Sunday, June 28, 2009

PM Netanyahu's Remarks at the Start of the Weekly Cabinet Meeting

Following are excerpts from Prime Minister Benjamin Netanyahu’s remarks at the start of the weekly Cabinet meeting today (Sunday), 28.6.09:

"Last Thursday, I returned from an important and successful round of talks with Italian and French leaders. The goal of the visit was to brief them on our principles for a peaceful solution as I expressed them in my Bar-Ilan University speech, and persuade them that this is the correct, just and practical path to achieve an agreement between us and the Palestinians.

Over three days, I met with Italian President Giorgio Napolitano, Italian Prime Minister Silvio Berlusconi, Italian Foreign Minister Franco Frattini, French President Nicolas Sarkozy, French Prime Minister Francois Fillon and French Finance Minister Christine Lagarde, as well as with leading Italian and French opinion-makers and commentators, and I found that my interlocutors were attentive.

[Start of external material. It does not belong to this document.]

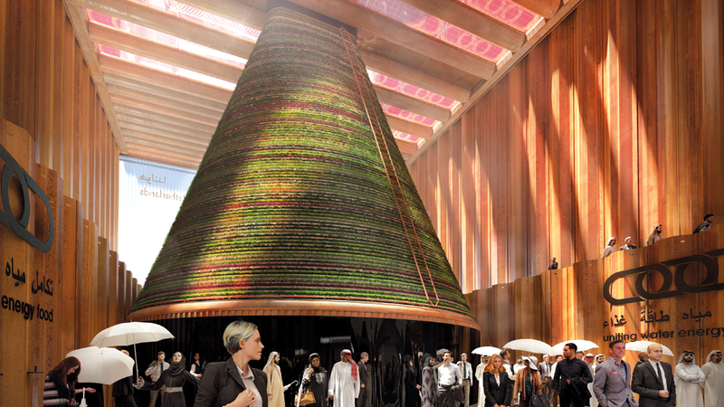 تصميم الجناح مخصص لاستعراض تكامل جهود هولندا في الماء والطاقة والغذاء. من المصدر
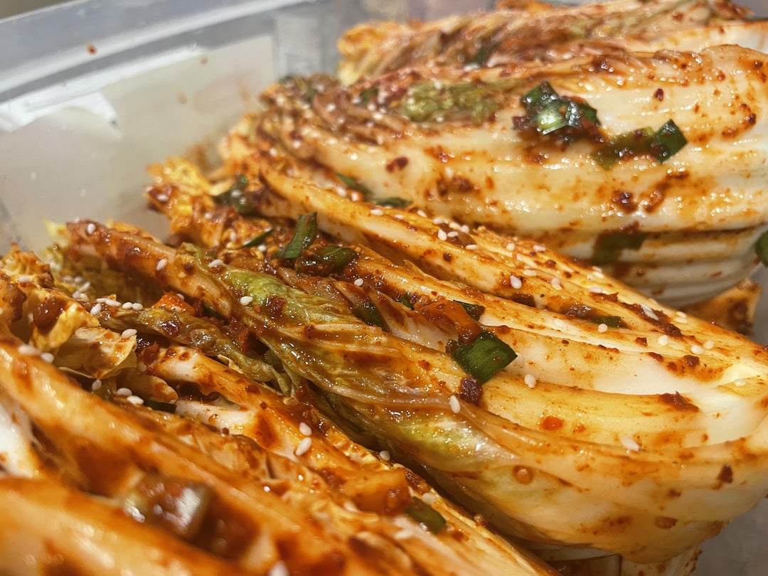 Needs more sauce. The cabbage looks a little stiff – did you leave it in salt water a night ahead? Good try tho! Reminds me of the kimchi that I ate with jjajangmyeon as a kid.

Regarding the principles that we presented, I saw that there was a genuine international willingness to accept them as foundations for peace.

The first principle is the need for explicit Palestinian recognition of the State of Israel as the national state of the Jewish People. The second need is the demilitarization of a Palestinian state in such a manner that all of Israel's security needs will be met. The third item is that there must be international backing of these security arrangements in the form of explicit international guarantees. The fourth item is that the problem of refugees must be resolved outside the borders of Israel. The fifth item is the need that the agreement be an end to the conflict. This is to say that the Palestinians will not be able to raise additional claims following the signing of a peace agreement.

These principles are very solid and were raised very clearly by myself and by those in my delegation, which included Finance Minister Dr. Yuval Steinitz and Environmental Protection Minister Gilad Erdan, and I think, I know, that they expressed a very broad national consensus."